Since the beginning of the Covid-19 pandemic, India has witnessed many behavioural changes of economic agents, with initial lockdown and subsequent reopening of the economy in phases. Such behavioural changes have resulted in a much faster economic recovery than anticipated not only in India but across economies.
One such change that merits attention for policymaking including the forthcoming budget is the penchant of ordinary people, particularly the elderly, to experiment with digital modes of transaction. Let us first allude to how the spending habits of consumers changed during the pandemic within essential and nonessential items. Most interestingly, such a change in spending habits has resulted in inflation estimates much lower than National Statistical Office (NSO) estimates. The Reserve Bank of India (RBI), thus, needs to be applauded for looking through the inflation cycle and for not getting overtly influenced by an inflation average of 6.6% during April-December 2020.
Owing to the constraints generated due to Covid-19, NSO has published limited data of consumer price index (CPI) inflation for April and May 2020. However, that was a pure statistical exercise based on fixed weights of consumer spending — in statistical parlance, this is computed by Laspeyres price index — since FY2012 based on the Consumer Expenditure Survey. The problem with this analysis, however, is that the shares of essential, or non-discretionary, and nonessential, or discretionary, consumer spending have changed significantly during the lockdown, and even beyond.
Against this background, we endeavoured to re-estimate the CPI inflation since April 2020 by using monthly credit card spends of State Bank of India (SBI) credit cards of a sufficiently large sample of customers on a recurring basis gender-wise across all age groups, and expenditure bifurcated into non-discretionary and discretionary spends. Obviously, we used such changing weights for all the months beginning April. In principle, we followed the methodology as Alberto Cavallo had employed in his June 2020 paper (bit.ly/2XZ2mDC) by constructing a Covid consumption basket for India and re-estimate CPI inflation. Our results are revealing.
The share of discretionary spending of consumers that had reached as much as 35% of total cards-spending in February 2020 crashed to 15% in April. Since April, the share of discretionary spends has, however, fluctuated wildly between 15% and 30%, indicating consumers are still uncertain when to splurge on items of discretionary consumption, as uncertainty has prevailed in the minds of consumer with different phases of the economy opening.
But the most definitive conclusion is that when we re-estimated CPI headline by using the Paasche index, the April and May inflation numbers on an average were 120 basis points (bps) lower than NSO inflation numbers. Even the latest December CPI number was higher by 25 bps. For the entire fiscal (AprilDecember FY2021), our computed CPI average is at 6%, as compared with 6.6% as per NSO estimates.

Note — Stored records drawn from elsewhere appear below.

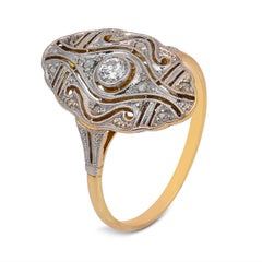 Old cluster ring ,fine example of early XX century design. Combination of Gold, Platinum and Diamonds of Old European cut. Platinum on Gold openwork crown with 6 natural Diamond sto...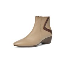Upgrade your wardrobe with these elegant ankle boots designed to combine fashion and functionality. With a classic round toe and a comfortable square high heel, these boots are perfect for adding a touch of sophistication to any outfit. The genuine cow leather upper and soft short plush lining ensure warmth and durability, keeping your feet cozy during chilly days. Designed with a sleek zipper, these boots are easy to slip on and off, offering convenience without compromising style. These boots are ideal for both casual and office wear, making them a versatile choice for women who want to look polished while staying comfortable. The sturdy rubber outsole provides reliable traction, making them suitable for city streets, office floors, or evening outings. Their high-quality materials and handmade construction make them a special addition to any shoe collection.Key Features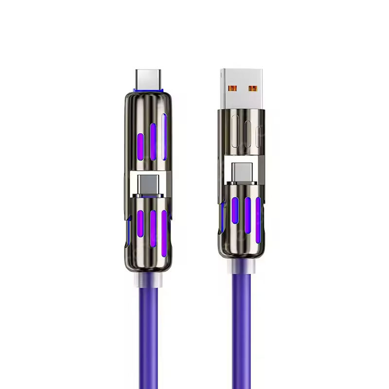 Câble de charge rapide multifonction 4 en 1 240W en matériau TPE avec lumière LED et ports USB multiples Type C pour téléphone portable (vente en gros)
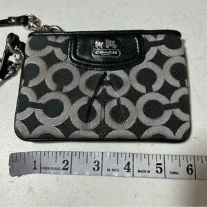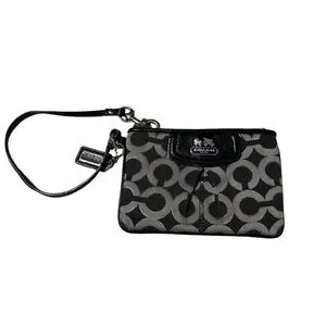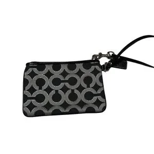 COACH Black Silver OP Art Wristlet GUC Logo Canvas Patent Leather Trim . Very light soiling on the outside. See pics. Smoke free home. Ships fast!
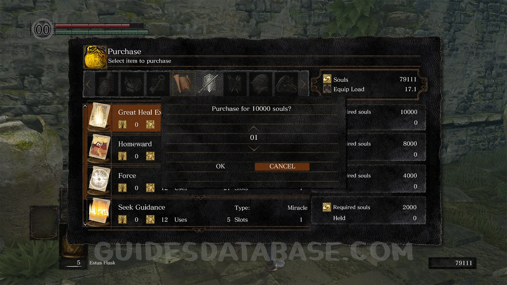 Petrus of Thorolund is the first miracle vendor you will encounter, found among the ruins at Firelink Shrine up the stairs toward the Undead Parish elevator. He sells basic miracles and is accessible very early in the game. To unlock his shop, speak to him several times until he agrees to sell to you. If you started as a Knight or Cleric he will sell without additional conditions, otherwise you may need to join his covenant, the Way of White, which costs nothing and has no negative consequences. From Petrus you can purchase Heal (1,000 souls, 12 Faith), Force (1,000 souls, 12 Faith), Seek Guidance (500 souls, 12 Faith), Homeward (1,000 souls, 18 Faith), and Great Heal Excerpt (2,000 souls, 14 Faith). These same miracles are also sold by Rhea of Thorolund later in the game, so buying from Petrus early simply saves you the trouble of waiting. Buy everything from Petrus as soon as possible, since his questline can complicate things later.
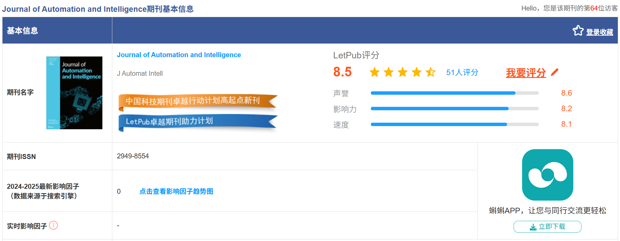 摘要:国产英文学术期刊《Journal of Automation and Intelligence》正式加入“LetPub卓越期刊助力计划”。LetPub将凭借其专业编辑服务和卓有成效的宣传网络,全力支持《Journal of Automation and Intelligence》持续扩大其全球学术影响力版图。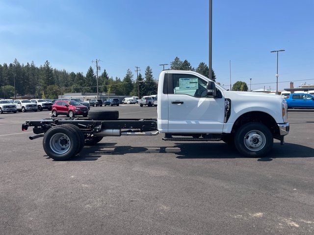 Our 2025 Ford F-350 XL Regular Cab 4X4 Dually Chassis Cab with the Chrome Package is powerful and productive in Oxford White! Motivated by a 7.3 Liter V8 serving up 430hp to a 10 Speed TorqShift Automatic transmission engineered for hard use and heavy-duty pulling. This Rear Wheel Drive truck also rewards you with comfortable handling and rewarding maneuverability for long days on the job. Our F-350's tough, no-nonsense design makes the grade with a bold black grille, jewel-effect halogen headlamps, heated power trailer-tow mirrors, fog lights, tow hooks, and matching accents.

But, most importantly, the gap between NSO’s estimates and our computed inflation figures has been narrowing from October onwards. Even the discretionary spend has not picked up. This signifies that people are still spending mostly on items of non-discretionary consumption.
What are such items? A cursory look indicates that these are mostly items of health, grocery and utility services such as bill payments. Lately, items such as fuel have worryingly cornered a larger pie of such consumer spending. Additionally, even much elderly men and women have been using the digital platform more and more frequently during and long after lockdown(s). There are also new areas of consumer spending — broadcasting services, online education, etc —which can be directly attributed to staying and working from home.
A logical corollary of such change in behavioural patterns is that we must take steps to inculcate such habits on a permanent basis. To this end, Budget 2021 may just be the ideal opportunity to incentivise them. These could be done in a variety of ways. One, GoI may prohibit levying of any convenience fee and other charges on use of any digital mode of payment to a merchant. Three, the gazette notification to allow Aadhaar-based biometric authentication to non-bank entities can be expedited.
Also, why not make RuPay a default card option for all banks, both public and private, operating in India? Given that the per-capita credit and debit card transactions have jumped by 1.4 times more than pre-Covid levels, all utilities, municipal corporations and urban local bodies must also mandatorily offer digital payment options, especially in Tier-2 and Tier-3 cities, and further incentivise them. This has been already implemented by oil marketing companies at fuel stations. Finally, let use this budget to further incentivise social security schemes such as the National Pension System (NPS) and medical insurance for unorganised sectors like MSMEs.
This could potentially benefit 110 million workers of more than 633 lakh MSMEs, and can usher a new beginning for unorganised workers in India.